[Women’s Day] Meet Foolmati, a farmer from Madhya Pradesh helping others increase productivity and income
This is the story of how a farmer changed the face of her village and surrounding villages through an efficient system that aided crop production all year around.
Until a couple of years ago, farmers in Godbahra, a small village in Singrauli district of Madhya Pradesh, tilled their lands and grew crops only during the monsoon. The families had depended on farming for generations to feed themselves. During the dry season, the farmers migrated to distant places to work as manual labour and earn wages. There were times when eating two meals a day seemed a luxury.
Foolmati Panikas is one such farmer, whose family had been growing different crops for generations. She wanted to change the circumstances and fate of the village and its farmers, and was looking at ways to increase crop productivity.
This is the story of a momentous decision and how lives of the farmers of Godbahara village and other surrounding villages have changed since then.
“I was approached by staff members of PRADAN and enrolled myself for an orientation workshop on agricultural entrepreneurship. While attending the sessions, I conceived the idea of a centralised vegetable nursery, because local farmers did not have a reliable place to buy seeds or saplings,” she explains.
“Slowly, but steadily, with the help of PRADAN’s orientation programme, I started believing in my ability to change the prospect of vegetable cultivation. I started offering the service in my village, but eventually offered the services to all the nearby five villages, which was applauded by everyone in the community,” she adds.
PRADAN (Professional Assistance for Development Action) is a non-government, non-profit organisation that works with disadvantaged communities across seven of the poorest states in the country, helping them to emerge from poverty and lead a life of dignity.
Sisters-in-arms
Collecting bamboo, constructing the structure, and arranging nursery beds all seemed like difficult tasks for her to complete alone.
She was also expecting a baby at that point in time, and hence took help from her husband, PRADAN staff members, and her self-help group (SHG) mates, and then started creating the structure and preparing nursery beds. A greenhouse with a capacity for 40,000 saplings was ready. Tomato, chilli, brinjal, cabbage, and cauliflower were sown. In a few months, the nursery was ready with 25,000 lush green saplings.
“I prepared 10,000 saplings in coco peat (soil made from the pith of the coconut husk) and the rest on raised beds. I used only organic materials such as VAM (Vesicular-arbuscular mycorrhiza), Pseudomonas, Trichoderma, and cow dung,” she says.
Along with providing the services to her own village, Foolmati approached the neighbouring villages so that they could also cultivate crops from the saplings.
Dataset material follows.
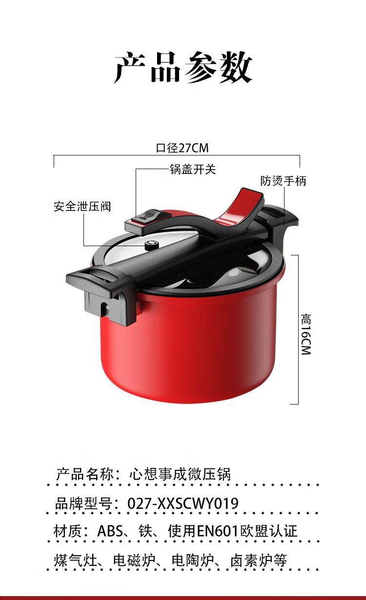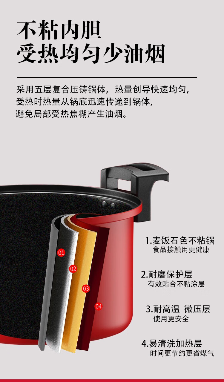 都市太太(DStt)都市太太心想事成微压锅焖煮焖烧一锅多用燃气灶电磁炉通用_红色

However, she did not stop at selling the saplings. She followed up with the Krishi Sakhis, who helped farmers access centralised nurseries, and who will eventually be groomed to become entrepreneurs to ensure that the farmers adhered correctly to the cultivation process. She also kept checking with the farmers on the health of the plants and crops over video calls. Her timely intervention of a centralised nursery helped them minimise their loss and add to their incomes in a short span of time.
Water resources had also increased by virtue of the joint natural resource planning, which was facilitated by PRADAN. Crops can now be grown in winter too.
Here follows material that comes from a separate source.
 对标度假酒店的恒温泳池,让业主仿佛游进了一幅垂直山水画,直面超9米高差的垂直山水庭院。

Buoyed by the success of the first centralised nursery, Foolmati’s husband eyed an 80,000-capacity nursery for the next kharif, and thus, the family became the face of a completely new style of agriculture that avoids loss and guarantees remunerative income in almost six villages. This was also need of the hour.
“I operate along with the Krishi Sakhi to ensure a reasonable income for vegetable farmers for my village and all the nearby five villages. In the second round, we sowed 20,000 seeds and we are planning to expand the capacity in the future,” Foolmati says.